Nonostante tutto, il 28 giugno 2011, il Procuratore Capo del Tribunale Penale Internazionale, Luis Moreno Ocampo, in base alle prove (false) esibite, emette un mandato d’arresto contro Gheddafi, il figlio  Saif Al Islam e Abdullah Al Senussi.

Nello stesso tempo, Al Jazeera e la BBC riferiscono che “il governo libico, nel tentativo di reprimere le manifestazioni popolari, ha compiuto delle incursioni aeree su Bengasi”, ma questo ennesimo episodio di disinformazione, nella  quale Al Jazeera la fa da maestra, viene smentito seccamente da un rapporto pubblicato dall’Esercito russo in cui si afferma che quella zona è monitorata dallo spazio e che “nessun attacco aereo o incursione ha avuto luogo”.

Mai nessuna  verifica alle accuse a Gheddafi è mai stata fatta dal Tribunale Penale Internazionale e ciò dimostra  la deliberata volontà delle autorità internazionali di perseguire l’obbiettivo prefissato: la caduta del regime a qualunque costo e con qualsiasi mezzo.

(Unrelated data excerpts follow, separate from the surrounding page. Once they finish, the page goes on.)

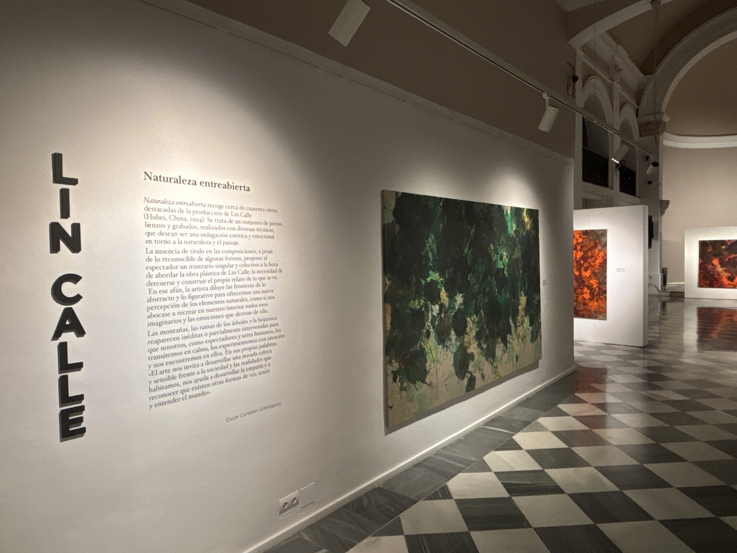 Naturaleza entreabierta es una exposición de la artista de Lin Calle, comisariada por el escritor Óscar Curieses. La muestra explora la visión del paisaje natural a través de los vasos comunicantes entre lo figurativo y la abstracción. Esta joven artista de origen chino, radicada en Madrid, ha expresado desde los inicios de su trayectoria un notable y constante interés por lo matérico de ciertos elementos presentes en la naturaleza tales como la vegetación y sus espesuras, los senderos entreabiertos en el bosque, las texturas de los suelos recubiertos de hojarasca o las montañas revestidas de ramajes y arboledas. Esa inclinación de la artista hacia la materialidad de naturaleza tiene que ver con la singularidad de los colores y las formas, pero también con la invocación de una belleza extrañada que cuestiona nuestra percepción habitual. Ese mirar, tan lúcido y particular de Lin Calle, une y diluye la subjetividad con la objetividad, y nos ofrece una percepción renovada de los elementos naturales que no excluye la sombra, lo caótico y el misterio presente en todo paisaje. La mancha y el color en expansión son quizá los elementos primordiales de su trabajo. Como si se tratase de un embrión, todo parte de ahí y posibilita el resto de la imagen, que se concreta a través de capas y formas hasta cierto punto reconocibles.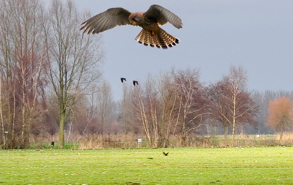 Biddende torenvalk om later de prooi op een paaltje te nuttigen.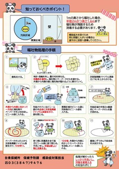 台東保健所では、嘔吐物処理の手順やポイントをまとめた動画とチラシを作成しています。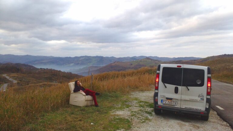 Another mountain range, another serpentine road. This time the breathtaking alpine views are replaced with monasteries and castles on mountaintops, and clouds you can drive into, and lonely armchairs. The driving in the clouds but was pretty intense, actually – …

Intanto Soliman Bouchiguir ammette che le accuse da lui portate a Ginevra contro il dittatore libico sono opera del Consiglio Nazionale di Transizione dell’opposizione, Mahomoud Jibril, ex Primo Ministro, già amministratore della società internazionale “JTRACK”, che si occupa di fornire personale per la formazione ai politici arabi e del sud est asiatico, nel campo della comunicazione. Uno dei principali clienti è stato Hamad Bin Khalifa AlThani, l’emiro del Qatar e padrone della Tv “Al Jazeera”, la stessa che ha accusato Gheddafi, con un’altra bufala, cioè di aver fatto distribuire nell’esercito grosse quantità di “viagra” per incrementare gli stupri su donne e bambine!

Nonostante nessuna prova e le evidenti ed imbarazzanti menzogne fabbricate, il 17 marzo 2011, le Nazioni Unite, con la “Risoluzione 1973”, autorizzano l’istituzione della “No Fly Zone”, una zona interdetta al traffico aereo sulla Libia con il compito di “proteggere i civili”. Due giorni dopo, la coalizione occidentale incomincia i bombardamenti e riduce l’ex colonia italiana ad un cumulo di macerie.

La Libia era un Paese senza debito con l’estero, il suo popolo vantava il reddito pro capite più alto dell’Africa, non conosceva il significato occidentale della “democrazia” perché la società è strutturata su base tribale. Allora l’uomo comune si chiede: “perché l’hanno fatto? “. A questa domanda risponde il 28 marzo 2011 il Report  “Il test della Libia del Nuovo Ordine Internazionale”, curato da Brooking Institute e che vede la Libia come una “prova per sperimentare la determinazione e la credibilità della comunità internzionale”. (“Libia per un governo mondiale” – Land Destroyer 28/03/2011). Allora tutto diventa più chiaro!

Gli ultimi tre anni hanno visto una nazione distrutta, senza autorità e sicurezza in mano ad Al Quaida ed alle bande islamiste. I nostri interessi andati in fumo dai bombardamenti  e dalla guerra nella quale siamo stati trascinati. In compenso, alle porte dell’Italia, la minaccia islamica avanza ed il neo Califfo dell’ISIS, Al Baghdadi, dice che tra non molto “marcerà su Roma”. Fantasie? Non tanto! Ma la tragedia attuale della Libia e la marea di profughi che quotidianamente raggiungono le nostre coste sarà oggetto di un prossimo articolo.